I want him to be financially independent/self sufficient and take care of him, me and the family we will have incase we stay together in the future.


----------



## janiliya (Nov 8, 2012)

Pollon said:


> Looks like a reasonable list. I would just add committed.
> 
> I would also ask why you married him.


At the time of marriage, I believed he had these qualities and may be just needed some time to hone some of them. But now I realise that he is simply adamant and unwilling to make changes. He still wants the freedom that he had during his bachelor days and is unwilling to give me any time of his nor is he willing to share his finances. He treats me like a maid where I only have to cook/clean for him, pay all my bills and pitch in with his bills while he just watches TV and ignores me royally. I have learnt about even all happy events in his life from outsiders/his family.

I feel worthless. I was this ambitious, go-getter, gritty person. I still have a very good and envious job and is placed better than him on both education and career front. Suddenly all I care about is this marriage and how much of a loser I am that I can neither decide to end it nor make this work and stay in it.


----------



## janiliya (Nov 8, 2012)

waiwera said:


> Yes why did you marry him if he ticked NONE of your boxes?
> Does he know? Poor guy.
> 
> If your deeply unhappy and know you will never BE happy with him...well there aren't many options.
> ...


He knows and there is no spark. Nothing I can remember. We have been separated for 5 months and are not on speaking terms with each other ever since.


----------



## Coffee Amore (Dec 15, 2011)

janiliya said:


> I had an arranged marriage with him and based on the interactions and meetings with him I believed he was a little of everything. I knew he was not perfect but thought we could work out with a few over time - like being financially independent and taking care of our family. However it turned out that my husband was none of the above nor was willing to help/change the situation for better.
> We have been married for about a year and few months but have lived together for only about 4 months due to various reasons - job and health.
> We have been separated for about 5 months now and I cannot decide what I want next.
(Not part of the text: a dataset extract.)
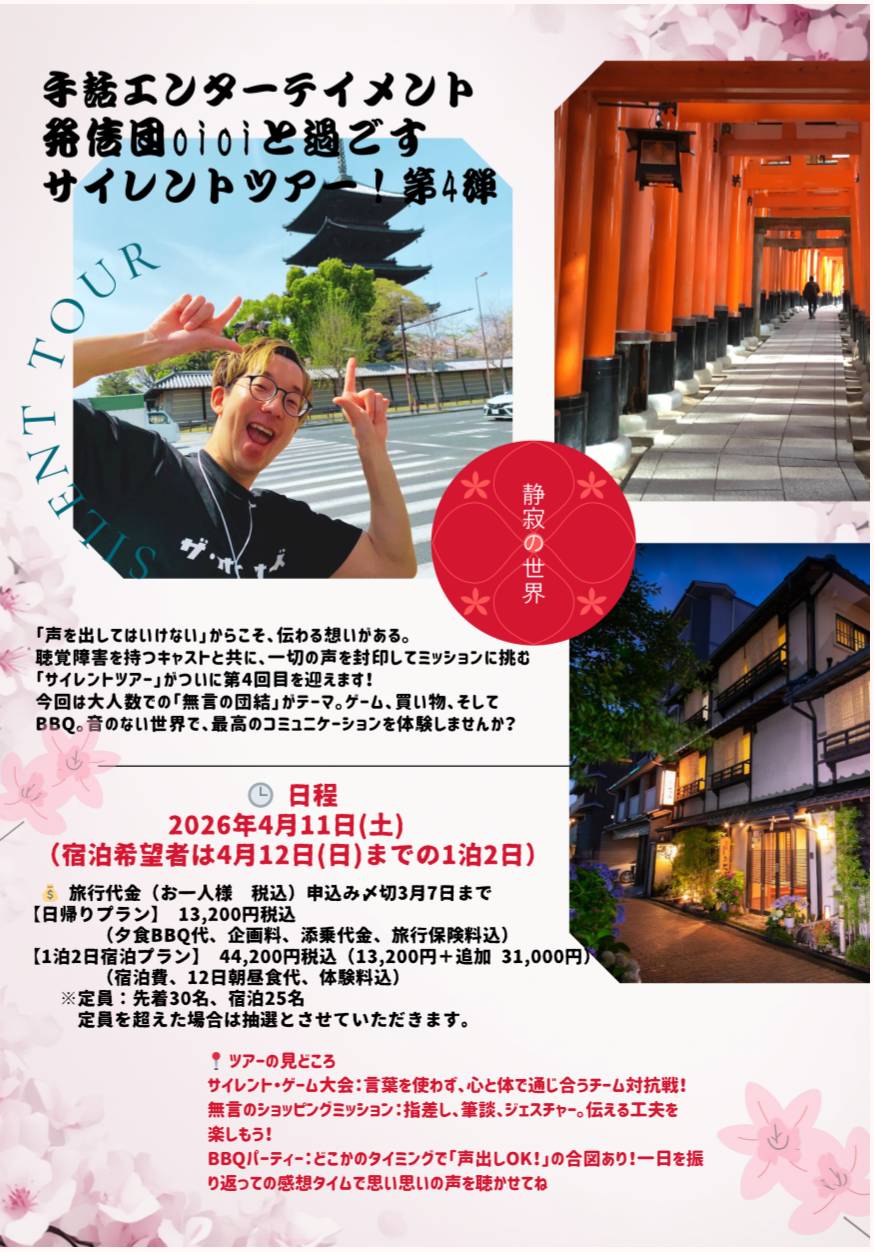 手話エンターテイメント発信団oioiと過ごすサイレントツアー!第4弾 2026 4/11 イベント予定 2026年2月20日 時間10:00~19:00場所京都駅周辺住所京都府京都市下京区東塩小路釜殿町定員30名(最低施行人数25名)料金日帰り:13,200円/宿泊:44,200円申込PDF記載のメールに件名:サイレントツアー申込本文:氏名を入力し送信してください。追って申込フォームURLを返信しますのでそちらで再度お申込ください。詳細PDF※日帰りと宿泊どちらかを選択可能です。oioiメンバーも数人宿泊します。 その他、出演情報はこちらから Learn More イベント予定 ザ・オイオイズ 出演情報 この記事が気に入ったら いいねしてね! よかったらシェアしてね! URLをコピーしました! URLをコピーしました!

janiliya - You are young, you don't have children with him who would tie you to him for the rest of your life, you're well educated and doing well in your career, so why stay with him? I'm normally very pro-marriage, but in the case of an arranged marriage gone bad like yours where he didn't have these qualities from the beginning and is unwilling to change, I think it's better to cut your losses early and move on.


----------



## SimplyAmorous (Nov 25, 2009)

> *janiliya said*: He still wants the freedom that he had during his bachelor days and is unwilling to give me any time of his nor is he willing to share his finances. He treats me like a maid where I only have to cook/clean for him, pay all my bills and pitch in with his bills while he just watches TV and ignores me royally. I have learnt about even all happy events in his life from outsiders/his family.
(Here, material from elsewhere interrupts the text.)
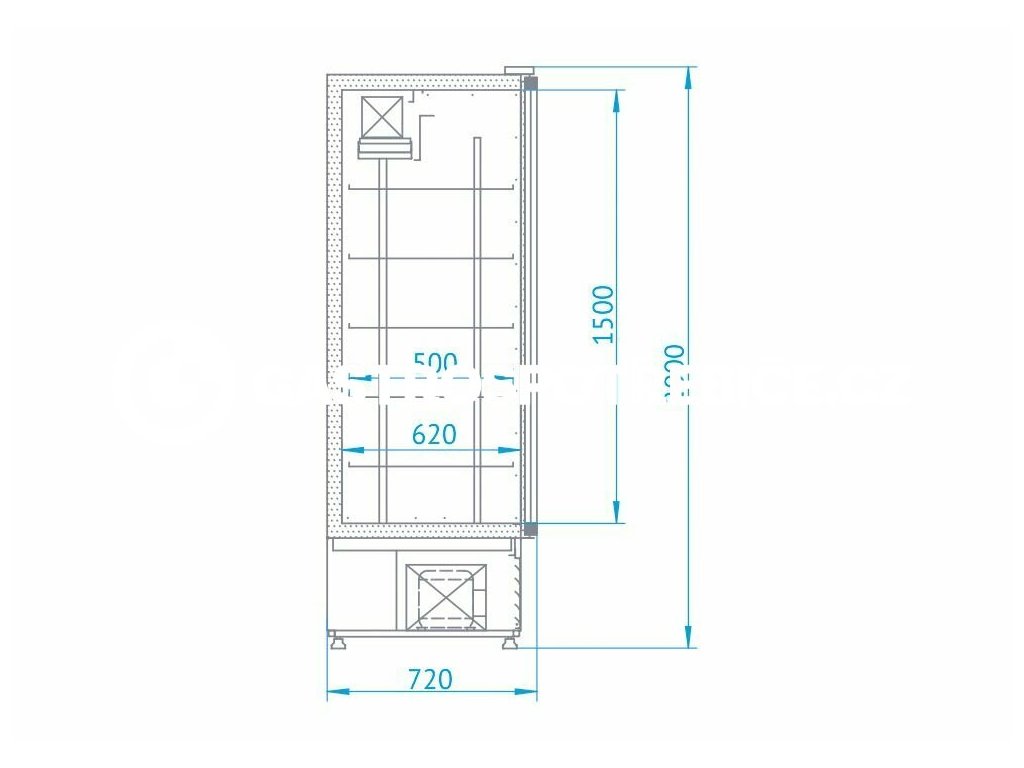 Prosklené chladící skříně - vhodné pro prezentaci, prodej, uskladnění a uchování potravin díky šetrnému způsobu chlazení (statické gravitační). Hygienické provedení - vnější opláštění (bílý lak), nerezové dno vnitřního prostoru, stěny jsou vyrobeny z AL plechu. Skříň je standardně vybavena 5ks polohovatelných roštů z plastem pokryté oceli. Automatické odtávání, chl. agregát Elektrolux, prosklené 1x křídlové dveře (pravé - na objednávku možno i levé), mechanické ovládání. Příplatkově volitelné příslušenství: Barevné provedení: šedá, modrá, červená ......... 1.250,- Kč Provedení s ventilátorem Zámek 1 dveří Zesílená hustá police Standardní police Nerezový vnitřní prostorDoplňkové parametry

 I see you said this was an *Arranged marriage*....sounds he was not ready to give up his philandering Playboy ways and as it always goes with such men....he is sourly lacking GOOD BETA traits....

Good Beta traits here >>


> The Beta Traits are those associated with the strengths of being a nice guy / “family man”. Kindness, being a good listener, the ability to help with the children, dependability, thoughtfulness, compassion and patience. These all create a sense of comfort and safety for the woman, and relax her because she feels that if she became pregnant, the Beta Trait male isn’t going to abandon her and the baby.
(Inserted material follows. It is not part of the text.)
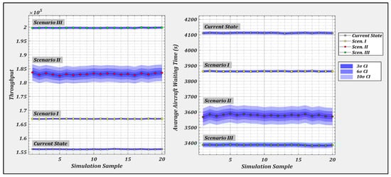 The box plot provided in Figure 7 also offers a holistic picture of the improvements achieved in these experiments regardless of their scenario index. These graphs suggest that the proposed scenarios can achieve a relative improvement between 7% and 28% in the overall throughput indicator, while the AWT was approximately reduced by 6 to 18 percent. The charts in Figure 6 highlight that scenario III outperforms the other two options from both throughput and waiting time perspectives. Moreover, it is observed that the two lines (i.e., throughput and waiting time) diverge in a stepwise manner. This means that the transition from scenario I to III affects the throughput more than it does with the AWT. Furthermore, the low deviation observed in each step of this chart and the standard deviation values reported in Table 5 both indicate that the experiments are all successfully logged in a steady situation, which means the chosen warm-up period was sufficient for this study. In Figure 8, we provide a numerical comparison of the nominal throughput and AWT estimation under the proposed scenarios with the current airport settings, along with the relevant confidence intervals, in order to see the benefits of such low standard deviation values. As shown in these graphs, the significance of the results distinction depends on the variance of the experiments for each scenario. Since the values for all scenarios were reasonably low, the scenarios do not overlap even in the highest confidence intervals.

> *Rags said:* Hey, I'm not saying they're bad. I think they're excellent qualities, and I like to theink I have most, if not all, of them myself.
> 
> My point was that whilst this are traits one would want in a husband, some women don't appreciate these when they consider attraction. Some women seem to be attracted to different (call them macho/alpha/bad boy/whatever - I don't care) traits that whilst they may find them hot, don't actually make good husband material.
> 
> *As a 'nice guy' I find the whole attraction to 'bad boys' deeply annoying, and so I have limited sympathy with women who keep going for them. Luckily, my wife finds it annoying too.*


 I'm with your wife Rags !


----------



## Coffee Amore (Dec 15, 2011)

Rags said:


> Hey, I'm not saying they're bad. I think they're excellent qualities, and I like to theink I have most, if not all, of them myself.
> 
> My point was that whilst this are traits one would want in a husband, some women don't appreciate these when they consider attraction. Some women seem to be attracted to different (call them macho/alpha/bad boy/whatever - I don't care) traits that whilst they may find them hot, don't actually make good husband material.
> 
> ...


Ok, thanks for clarifying. 
It gets annoying when certain posters on this site demonize wonderful traits as "beta". Beta carries such a negative connotation on this board and elsewhere. 
I don't find "bad boys" attractive either. My first boyfriend was a so-called bad boy and I don't ever want that in my life again.


----------